Within each of these questions is the assumption that you need to do something-you need to get or keep or avoid something. Right there, in that assumption, is our suffering. The effort to get or keep or avoid any experience is what makes life miserable, difficult, dis-easeful.

In satsang, another possibility is pointed to, a way of touching your experience without either trying to hold on to it or push it away. It's a way of reaching out to your experience and really seeing what's it's like. In doing this, the questions become: How open or stuck am I right now? How open or closed is my Heart right now? How happy or sad am I right now?

And when the answer comes, the question becomes, What's that like? What's it like to be expanded or contracted or whatever it is you are experiencing? What's it like to have an open Heart or to not be in touch with your Heart at all in a particular moment? What's it like to be filled with love? What's it like to feel a lack of love? This is reaching out and touching the experience as it is and also as it changes naturally. It's not a static question, but an alive one; you're never done with that question because your experience is always changing.

In doing this, rather than trying to change life, you're living life as a question. What's this like? And what's it like now that I've noticed what this is like? And what's it like now? And now that it's changed again, what's it like? Even your noticing something changes it, so by the time you've found an answer, it's time to ask the question again.

We've been so conditioned to think that the point of questions is to get answers that we overlook that the point of answers is that they get us to more questions. The questions are as valid and rich as any answer because every answer is full of questions. You can even begin to enjoy the questions, even trust the questions, as much as any answer that comes.

When you value the questions themselves, you just naturally hold the answers more lightly because they aren't the goal. If the question is just as rich as the answer, then it's fine if the answer comes and goes. Have you ever noticed that you've forgotten everything you once understood? Every insight you've ever had has faded, and that's great because then you're back in the question.
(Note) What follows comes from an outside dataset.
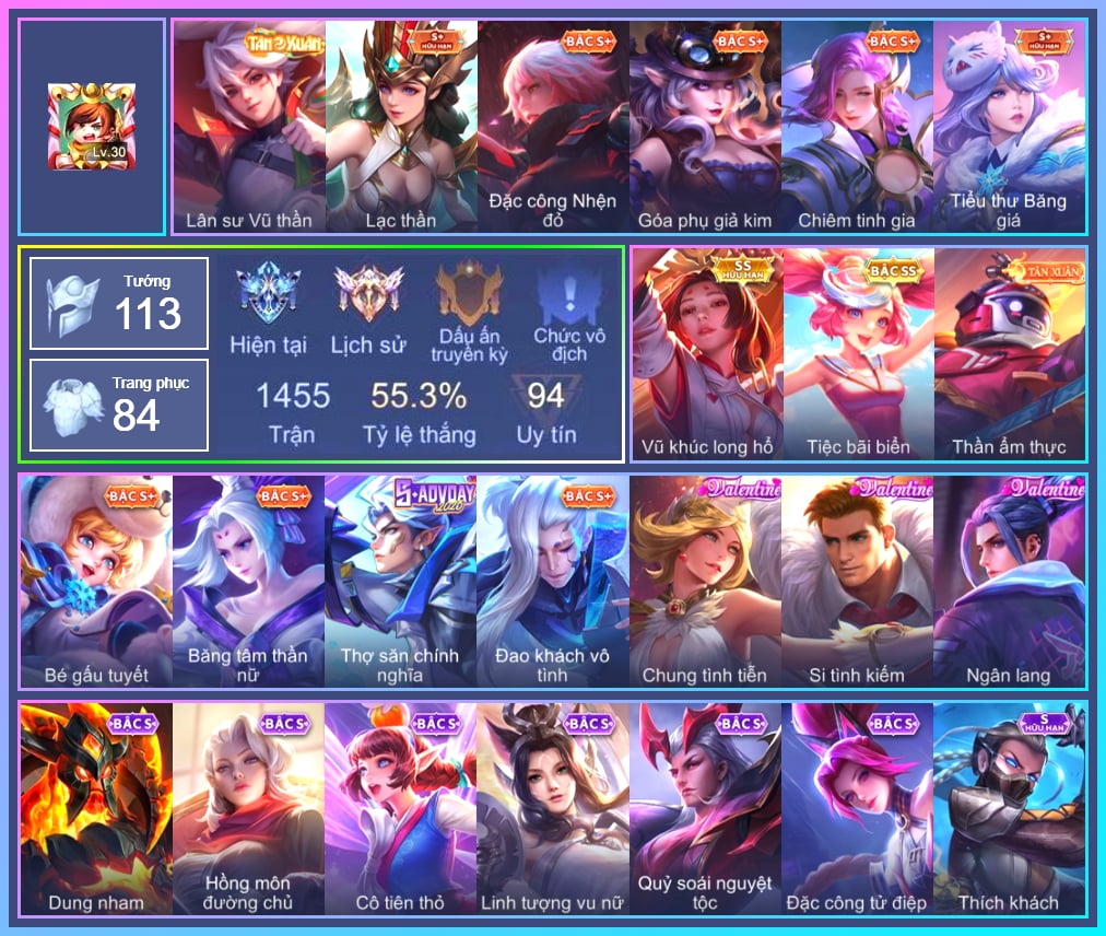 Valhein Hoàng tử Quạ, Valhein Số 7 Thần Sầu, Valhein Xạ Thần, Valhein S-Quang Vinh, TelAnnas Giám thị thân thiện, Telannas Dạ hội, TelAnnas Quang Vinh, Tel Annas Jujutsu Sorcerer, Arthur Hoàng kim cốt, Arthur Lãnh chúa xương, Arthur Siêu sao Cricket, Arthur Đặc cảnh băng lôi, Krixi Cô Tiên Thỏ, Krixi Phó văn nghệ, Krixi Thuỷ Thủ, Violet Đặc Dị, Violet Huy Chương Vàng, Butterfly Teen Nữ Công Nghệ, Butterfly Quận Chúa Đế Chế, Butterfly Bình Minh Tận Thế, Triệu Vân Quý Công Tử, Triệu Vân Thần Tài, Arduin Tà linh hiệp sỹ, Maloch Ác Ma Địa Ngục, Maloch Samurai Tử Sĩ, Maloch Ác nhân vô tuyến, Maloch Đại ca Mukbang, Veera Thiên nga đen, Stuart Vua hề, Tulen Dạ hội, Grakk Thuyền Trưởng Râu Đỏ, Grakk Khô Lâu Đại Tướng, Grakk Màu cờ sắc áo, Grakk Thần ẩm thực, Zill Lốc Địa Ngục, Zill Thần mộng mị, Mganga Pháp sư mèo, Mganga Doombot Hủy Diệt, Toro Đặc cảnh NYPD, Gildur Đại gia học viện, Gildur Thuyền trưởng râu bạc, Ngộ Không Ngộ Khá Trẩu, Ngộ Không Cổ thần Ai Cập, Florentino Giám sát tinh hệ, Florentino Kiếm sĩ Olympic, Florentino Thần thoại Hy Lạp, Florentino Hisoka, Florentino S-Quang Vinh, Zephys Phi thương, Zephys Inosuke Hashibira, Zephys Đầu bếp Sashimi, Quillen Sao đỏ học đường, Quillen Tà linh ma đao, Zuka Gấu Nhồi Bông, Zuka Đầu bếp hoàng cung, Zuka Rapper Big Panda, Yena Nữ cướp biển, Xeniel Thiên Sứ Hủy Diệt, Xeniel Shipper bánh mỳ, Qi Tiểu long, Qi Quán quân, Qi Blogger Ẩm thực, Hayate Bạch ảnh, Hayate Ngân lang, Hayate Bạch lang, Tachi Đao khách vô tình, Volkath Tư lệnh viễn chinh, Volkath Quang vinh, Azzenka Quang Vinh 2.0, AzzenKa Giáng sinh An lành, Capheny Hầu gái, Capheny S-Quang Vinh, Fennik Nhà thám hiểm, Fennik Đội đặc nhiệm, Fennik Tay đua F1, Fennik Shipper Siêu thanh, Murad S-Quang Vinh, Rouie Quang Vinh, Sephera Quý tiểu thư, Sephera Phi vụ thế kỷ, Sephera Thủy Liên Hoa, Kaine Đôi Cánh Đại Dương, Kaine Người dơi, Kaine Thợ Săn Chính Nghĩa, Yorn Thế Tử Nguyệt Tộc, Yorn Soái ca bãi biển, Alice Nhà chiêm tinh, Alice Xứ sở thần tiên, Alice The Butterfly Mansion Girl, Enzo Phẩm chất quý tộc, Enzo Chiến binh trăng khuyết, Enzo Thần thoại Hy Lạp, Enzo Nhà Leo núi, Amily Nữ đội trưởng, Amily Thám tử trung học, Lindis Quang thánh tiễn, Liliana Hồ Quý Phi, Liliana Thuỷ thủ hồ ly, Raz Đại tù trưởng, Kahlii Siêu đầu bếp, Kahlii Tử điệp, Kahlii Rối Nước Thuỷ Đình, Bonnie S Quang Vinh, Slimz Sứ giả Thiên giới, Paine khúc nhạc tử vong, Richter Dạ hội, Richter Quang vinh 2.0, Errol Diệt nguyệt tiên phong, Errol Stream đến bao giờ, Elsu Tuyết ưng, Airi Kiemono, Airi Đặc công tử điệp, Thane Kẻ Hủy Diệt, Skud Sơn Tặc, Skud Tà linh ma tướng, Lauriel Nữ vương học đường 2, Celica Nữ cao bồi, Celica Tâm hồn trà sữa, Kriknak Yêu trùng cổ mộ, Cresht Thợ sửa cáp, Ilumia Diva nổi loạn, Ilumia Ngược dòng thời gian, Ignis Bắc băng vương, Ignis Vì sao con khóc, Keera Nghệ sĩ Graffiti, Bright Kỳ Lân Soái, Mina Tiệc Bánh Kẹo, Mina Lưỡi hái hoàng kim, Mina Đào tạo siêu sao, Arum Thú Vệ Cổ Mộ, Ryoma Đại Tướng Nguyệt Tộc, Ryoma Dạ hội, Roxie Hầu gái, Roxie Hỏa thuật sư, Elandorr Soái tặc, Omega Hộ Vệ Carano, Omen Ám tử đao, Lữ Bố Vũ điệu Samba, Aleister Quỷ soái nguyệt tộc, Aleister Xứ sở thần tiên, KilGroth Cảnh Vệ Biển, Aya Điệp viên ký ức, Ybneth Candy Bear, Astrid Bạch Kiếm Tiểu Thư, Taara Hỏa Ngọc Nữ Đế, Taara Tư lệnh hải âu, Điêu Thuyền Nữ Vương Anh Đào, Sinestrea Lữ khách sa mạc, Dextra Lữ khách cao nguyên, Annette Xứ sở thần tiên, Annette Thần tượng âm nhạc, Ata Mèo đi mưa, Thorne Cận vệ hoàng gia, Thorne Thám tử trung học, Laville Xạ Thần Tinh Vệ, Wisp Hải Tặc Nhí, Wisp Ếch nhồi bông

You're back in this really alive place where you're getting to find out what you know now, what's happening now, what's moving, what's changing, what it's like now. What is it like now? You'll never be done with that question. What's happening now? You could say that answers are just a temporary side effect of having questions.

This is a gentler, more respectful way of being with your experience. It's a more intimate way of being with your experience every moment to ask what it's like instead of How can I fix it? How can I get more? How can I get less? How can I improve it? How can I change it? How can I avoid it? How can I hang onto it? Do you see how all of these questions have an effort to them? They have a sense of violence to them-a sense of being in battle with or in opposition to your life. It's hard to be intimate with someone when you're pushing them out the door or trying to keep them from leaving. There's no intimacy in that kind of interaction. How much possibility is there for real, deep contact? The same thing is true for other aspects of our experience. It is possible to intimately experience the expansions and contractions, the openings and the closings, the freedom and the stuckness, the wonder and the confusion, the understanding and the lack of understanding.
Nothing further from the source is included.